> **Supplied entries**
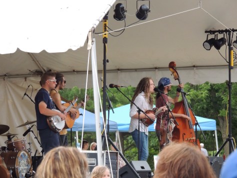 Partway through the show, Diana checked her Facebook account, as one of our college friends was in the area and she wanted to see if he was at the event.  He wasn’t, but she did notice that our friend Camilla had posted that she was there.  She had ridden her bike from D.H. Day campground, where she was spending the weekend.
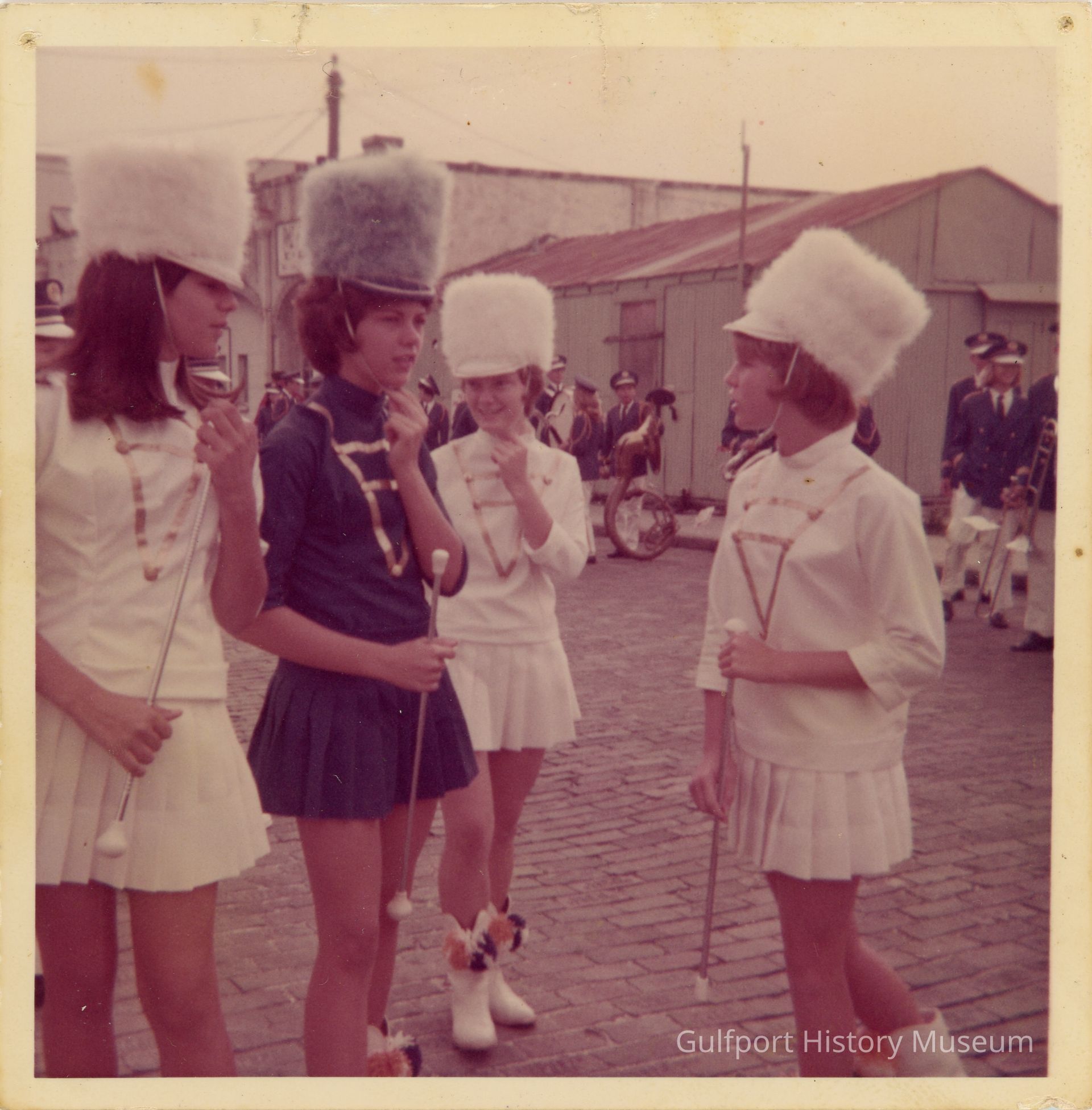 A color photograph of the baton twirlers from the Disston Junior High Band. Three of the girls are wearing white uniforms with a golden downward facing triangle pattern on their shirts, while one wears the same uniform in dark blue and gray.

* * *

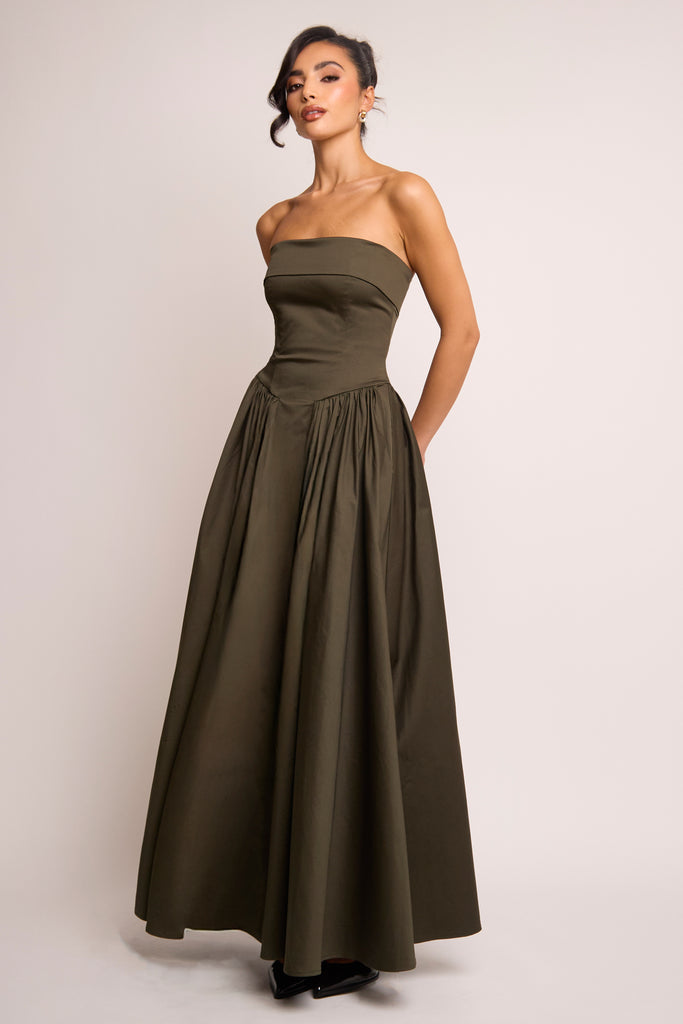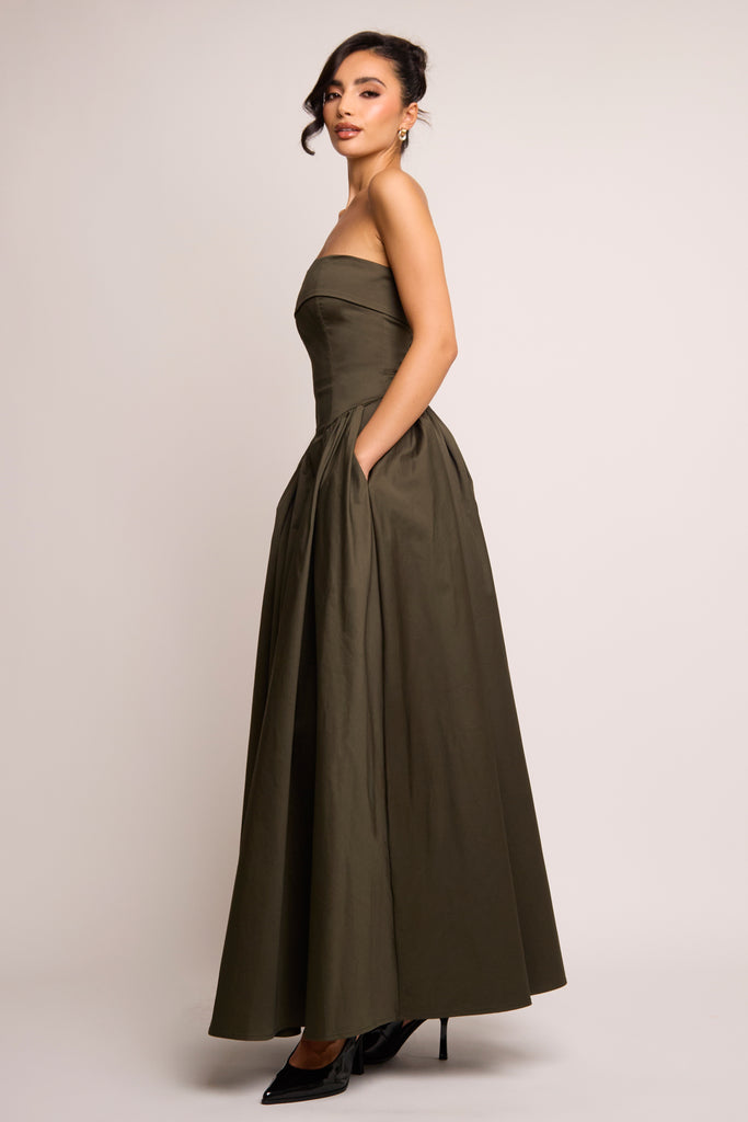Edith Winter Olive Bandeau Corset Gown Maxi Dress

> **About this exercise**
The answer is the lines above from the one with "Partway through the" to the one with "A color photograph", set down exactly, with no pictures.

> **Result for this exercise**
 Partway through the show, Diana checked her Facebook account, as one of our college friends was in the area and she wanted to see if he was at the event.  He wasn’t, but she did notice that our friend Camilla had posted that she was there.  She had ridden her bike from D.H. Day campground, where she was spending the weekend.
 A color photograph of the baton twirlers from the Disston Junior High Band. Three of the girls are wearing white uniforms with a golden downward facing triangle pattern on their shirts, while one wears the same uniform in dark blue and gray.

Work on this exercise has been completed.